Note that the variations $\delta w,\delta {\theta }_{\alpha }$ are independent. Based on the fundamental lemma of the calculus of variations (or the weighted residual method), the so-called Euler–Lagrange Equations (or the Strong form) for the current problem, along with the respective essential and natural boundary conditions can be derived from Equation (42):

(a1) Euler–Lagrange Equations for Mindlin–Reissner type strain gradient elastic plate:

$${\tilde{M}}_{\alpha \beta ,\beta }-{\tilde{Q}}_{\alpha }+\rho I_z{\ddot{\theta }}_{\alpha }+t\frac{\rho h^2}{3}{\ddot{\theta }}_{\alpha }-I_z\frac{\rho h^2}{3}{\ddot{\theta }}_{\alpha ,\beta \beta }=0$$

(43)

$${\tilde{Q}}_{\alpha ,\alpha }-\rho t\ddot{w}+t\frac{\rho h^2}{3}{\ddot{w}}_{,\alpha \alpha }+q(x,y)=0$$

(44)

Upon substituting Equations (23)–(25) into the equilibrium bending moments and shear forces (32), and the latter into Equations (43) and (44), the governing equations of motion take the following form,

$$\begin{array}{cc}\hfill -k_{s}tG\left(w_{,\alpha }-{\theta }_a\right)-\frac{1}{2}D\left[(1+\nu ){\vartheta }_{\gamma ,\gamma \alpha }+(1-\nu ){\theta }_{\alpha ,\beta \beta }\right]& \\ \hfill +I_z{g}^2\left[\left({\lambda }_1+G\right){\theta }_{\delta ,\delta \gamma \gamma \alpha }+G{\theta }_{\alpha ,\beta \beta \gamma \gamma }\right]+t{g}^2\left[G{w}_{,\alpha \beta \beta }-\left({\lambda }_1+G\right){\theta }_{\delta ,\delta \alpha }-2G{\theta }_{\alpha ,\beta \beta }\right]& =\hfill \\ \hfill -\rho \left(I_z+t\frac{h^2}{3}\right){\ddot{\theta }}_a+\rho I_z\frac{h^2}{3}{\ddot{\theta }}_{\alpha ,\beta \beta }\end{array}$$

(45)

$$k_{s}tG\left(w_{,\alpha \alpha }-{\theta }_{\alpha ,\alpha }\right)-tG{g}^2\left(w_{,\alpha \alpha \beta \beta }-{\theta }_{\alpha ,\alpha \beta \beta }\right)+q=\rho t\ddot{w}-\rho t\frac{h^2}{3}{\ddot{w}}_{,\alpha \alpha }$$

(46)

Equations (45) and (46) will be directly compared with the respective ones published in literature, see Section 6 below, and the results will be presented in Section 8 below.
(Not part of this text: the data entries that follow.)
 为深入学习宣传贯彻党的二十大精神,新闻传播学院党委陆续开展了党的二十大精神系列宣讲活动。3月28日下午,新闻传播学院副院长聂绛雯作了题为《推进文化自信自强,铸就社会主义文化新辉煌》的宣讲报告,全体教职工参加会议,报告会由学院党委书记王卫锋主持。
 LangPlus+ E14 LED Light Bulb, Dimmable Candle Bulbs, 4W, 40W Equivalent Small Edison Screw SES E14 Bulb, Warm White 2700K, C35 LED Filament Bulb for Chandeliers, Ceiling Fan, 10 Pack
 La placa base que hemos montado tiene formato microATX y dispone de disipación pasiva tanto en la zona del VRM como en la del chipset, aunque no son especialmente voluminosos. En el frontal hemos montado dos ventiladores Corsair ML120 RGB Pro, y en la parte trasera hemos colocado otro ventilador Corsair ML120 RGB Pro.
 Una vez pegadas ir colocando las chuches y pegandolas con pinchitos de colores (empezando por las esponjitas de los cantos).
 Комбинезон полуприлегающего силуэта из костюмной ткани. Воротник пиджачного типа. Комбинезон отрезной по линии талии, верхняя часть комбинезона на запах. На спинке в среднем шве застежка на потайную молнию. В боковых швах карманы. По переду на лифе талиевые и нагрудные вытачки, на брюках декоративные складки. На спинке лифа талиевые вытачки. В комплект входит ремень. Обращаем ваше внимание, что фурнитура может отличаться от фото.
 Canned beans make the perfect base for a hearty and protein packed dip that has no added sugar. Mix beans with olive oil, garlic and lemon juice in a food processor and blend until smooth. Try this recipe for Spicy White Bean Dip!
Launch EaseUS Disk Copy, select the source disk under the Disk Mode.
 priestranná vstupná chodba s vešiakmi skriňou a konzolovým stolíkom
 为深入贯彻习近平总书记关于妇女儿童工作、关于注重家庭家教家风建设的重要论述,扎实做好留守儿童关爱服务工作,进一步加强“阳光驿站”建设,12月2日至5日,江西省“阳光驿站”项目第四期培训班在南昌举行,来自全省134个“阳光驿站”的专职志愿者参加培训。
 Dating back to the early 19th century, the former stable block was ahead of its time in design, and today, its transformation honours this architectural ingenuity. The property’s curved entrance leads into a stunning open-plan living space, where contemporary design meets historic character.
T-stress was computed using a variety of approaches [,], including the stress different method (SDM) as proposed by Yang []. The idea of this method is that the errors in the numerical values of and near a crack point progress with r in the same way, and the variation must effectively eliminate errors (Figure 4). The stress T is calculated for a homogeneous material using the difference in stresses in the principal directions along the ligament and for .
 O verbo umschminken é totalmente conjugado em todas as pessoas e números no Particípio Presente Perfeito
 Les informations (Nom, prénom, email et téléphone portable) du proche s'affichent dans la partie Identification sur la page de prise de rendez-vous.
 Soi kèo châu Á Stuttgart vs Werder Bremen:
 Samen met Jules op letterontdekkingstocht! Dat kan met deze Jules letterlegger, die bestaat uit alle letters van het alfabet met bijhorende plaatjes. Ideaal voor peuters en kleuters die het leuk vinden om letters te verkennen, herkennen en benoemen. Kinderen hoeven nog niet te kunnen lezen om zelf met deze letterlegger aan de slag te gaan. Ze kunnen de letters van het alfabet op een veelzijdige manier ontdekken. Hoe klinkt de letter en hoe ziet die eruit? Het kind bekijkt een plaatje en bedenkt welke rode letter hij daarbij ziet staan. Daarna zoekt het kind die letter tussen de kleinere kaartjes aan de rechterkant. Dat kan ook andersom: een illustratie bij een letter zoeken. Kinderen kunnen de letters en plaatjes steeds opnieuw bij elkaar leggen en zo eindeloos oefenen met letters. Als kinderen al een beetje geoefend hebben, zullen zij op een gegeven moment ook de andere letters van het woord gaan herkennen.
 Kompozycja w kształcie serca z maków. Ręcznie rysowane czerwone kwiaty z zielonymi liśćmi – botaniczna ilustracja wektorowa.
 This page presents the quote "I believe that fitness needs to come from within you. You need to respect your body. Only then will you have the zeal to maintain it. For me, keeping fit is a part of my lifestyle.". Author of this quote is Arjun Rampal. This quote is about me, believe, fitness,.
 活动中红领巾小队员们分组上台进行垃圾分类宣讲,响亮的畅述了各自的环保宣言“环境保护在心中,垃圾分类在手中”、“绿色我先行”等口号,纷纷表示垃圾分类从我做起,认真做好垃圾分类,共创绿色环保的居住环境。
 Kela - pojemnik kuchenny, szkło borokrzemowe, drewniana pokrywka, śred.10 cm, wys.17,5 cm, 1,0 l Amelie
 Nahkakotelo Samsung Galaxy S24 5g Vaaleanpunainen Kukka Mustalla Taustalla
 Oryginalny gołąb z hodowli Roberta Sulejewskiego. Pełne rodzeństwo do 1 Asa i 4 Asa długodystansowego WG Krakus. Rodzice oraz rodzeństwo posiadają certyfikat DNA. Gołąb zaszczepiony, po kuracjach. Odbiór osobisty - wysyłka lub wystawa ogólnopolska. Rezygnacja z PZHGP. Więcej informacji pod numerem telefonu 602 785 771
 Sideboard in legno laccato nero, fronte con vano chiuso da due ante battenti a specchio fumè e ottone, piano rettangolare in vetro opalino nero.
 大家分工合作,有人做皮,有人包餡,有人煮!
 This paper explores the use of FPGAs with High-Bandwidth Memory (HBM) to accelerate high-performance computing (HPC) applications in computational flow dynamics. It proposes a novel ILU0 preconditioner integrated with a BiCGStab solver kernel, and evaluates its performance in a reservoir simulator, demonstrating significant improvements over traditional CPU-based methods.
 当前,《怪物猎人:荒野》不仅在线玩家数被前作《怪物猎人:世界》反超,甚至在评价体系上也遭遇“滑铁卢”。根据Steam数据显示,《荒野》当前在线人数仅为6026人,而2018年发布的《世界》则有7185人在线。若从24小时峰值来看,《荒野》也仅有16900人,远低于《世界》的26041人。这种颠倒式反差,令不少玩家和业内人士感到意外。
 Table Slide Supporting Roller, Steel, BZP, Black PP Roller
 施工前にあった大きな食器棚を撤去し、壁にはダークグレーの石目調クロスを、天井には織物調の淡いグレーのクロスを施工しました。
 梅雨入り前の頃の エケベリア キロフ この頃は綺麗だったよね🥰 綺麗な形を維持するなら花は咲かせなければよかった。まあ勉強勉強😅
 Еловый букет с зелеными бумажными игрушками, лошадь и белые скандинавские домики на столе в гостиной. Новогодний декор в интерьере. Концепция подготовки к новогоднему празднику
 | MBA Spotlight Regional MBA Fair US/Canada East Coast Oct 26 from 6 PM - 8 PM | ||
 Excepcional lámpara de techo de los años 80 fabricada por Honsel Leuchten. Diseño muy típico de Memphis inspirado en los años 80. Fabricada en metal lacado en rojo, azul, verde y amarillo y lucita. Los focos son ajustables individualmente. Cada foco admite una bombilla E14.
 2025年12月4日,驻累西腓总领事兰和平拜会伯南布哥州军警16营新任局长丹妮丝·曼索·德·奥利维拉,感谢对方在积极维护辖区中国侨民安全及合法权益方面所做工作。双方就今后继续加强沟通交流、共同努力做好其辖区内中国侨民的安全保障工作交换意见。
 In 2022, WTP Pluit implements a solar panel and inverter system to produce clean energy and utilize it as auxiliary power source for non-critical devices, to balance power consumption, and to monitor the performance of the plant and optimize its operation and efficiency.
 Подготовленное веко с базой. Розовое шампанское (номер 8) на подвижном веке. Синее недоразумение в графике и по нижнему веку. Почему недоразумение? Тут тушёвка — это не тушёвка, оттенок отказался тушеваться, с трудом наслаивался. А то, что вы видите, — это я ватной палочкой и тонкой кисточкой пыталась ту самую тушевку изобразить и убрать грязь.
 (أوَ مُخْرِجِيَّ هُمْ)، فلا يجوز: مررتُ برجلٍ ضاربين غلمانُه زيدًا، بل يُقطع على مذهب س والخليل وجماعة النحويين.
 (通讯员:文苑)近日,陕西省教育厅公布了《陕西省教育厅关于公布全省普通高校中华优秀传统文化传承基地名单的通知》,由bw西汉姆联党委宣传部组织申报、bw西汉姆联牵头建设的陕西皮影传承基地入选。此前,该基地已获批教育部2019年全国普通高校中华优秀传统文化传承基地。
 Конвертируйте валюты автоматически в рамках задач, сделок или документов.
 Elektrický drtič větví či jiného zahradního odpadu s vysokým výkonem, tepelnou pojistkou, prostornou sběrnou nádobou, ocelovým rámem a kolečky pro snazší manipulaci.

(b1) Moment natural boundary conditions:

$$\begin{array}{cc}\hfill & -n_{\beta }{\tilde{M}}_{\alpha \beta }-\left(D_l{n}_l\right)n_{\gamma }{n}_{\beta }{m}_{\beta \alpha \gamma }+D_{\gamma }\left(n_{\beta }{m}_{\beta \alpha \gamma }\right)-n_{\beta }{m}_{\beta \alpha 3}+n_{\beta }{I}_z\frac{\rho h^2}{3}{\ddot{\theta }}_{\alpha ,\beta }=-M_{\alpha }\hfill \\ \hfill & \mathrm{or}{\theta }_{\alpha }\mathrm{is}\mathrm{fixed}\hfill \end{array}$$

(47)

(c1) Shear Force natural boundary conditions:

$$\begin{array}{cc}\hfill & n_{\alpha }{\tilde{Q}}_{\alpha }+\left(D_l{n}_l\right)n_{\beta }{n}_{\alpha }{m}_{\alpha \beta 3}-D_{\beta }\left(n_{\alpha }{m}_{\alpha \beta 3}\right)+n_{\alpha }t\frac{\rho h^2}{3}{\ddot{w}}_{,\alpha }=Q_N\hfill \\ \hfill & \mathrm{or}\mathrm{w}\mathrm{is}\mathrm{fixed}\hfill \end{array}$$

(48)

(d1) Double moment natural conditions:

$$\begin{array}{ccc}\hfill n_{\alpha }{n}_{\gamma }{m}_{\alpha \beta \gamma }& =0\hfill & \hfill \mathrm{or}D{\theta }_{\beta }\mathrm{is}\mathrm{fixed}\\ \hfill n_{\alpha }{m}_{\alpha \beta 3}{n}_{\beta }& =0\hfill & \hfill \mathrm{or}Dw\mathrm{is}\mathrm{fixed}\end{array}$$

(49)

(e1) Jump conditions at the plate corners:

$$\begin{array}{ccc}\hfill \parallel m_{\gamma }{n}_{\alpha }{m}_{\alpha \beta \gamma }\parallel & =0\hfill & \hfill \mathrm{or}{\theta }_{\beta }\mathrm{is}\mathrm{fixed}\mathrm{at}\mathrm{the}\mathrm{current}\mathrm{corner}\\ \hfill \parallel m_{\beta }{n}_{\alpha }{m}_{\alpha \beta 3}\parallel & =0\hfill & \hfill \mathrm{or}w\mathrm{is}\mathrm{fixed}\mathrm{at}\mathrm{the}\mathrm{current}\mathrm{corner}\end{array}$$

(50)

4.5. Governing Equations of Motion and Boundary Conditions for Mindlin–Reissner-Type Strain Gradient Plate with Straight Boundaries Aligned to Axes x or y

For the purpose of completeness, we depict extensively the above boundary value problem in the case of straight plate boundaries, parallel to x or y axis ($n_i{n}_j={\delta }_{ij}$, for the outer unit vectors, normal to the boundary).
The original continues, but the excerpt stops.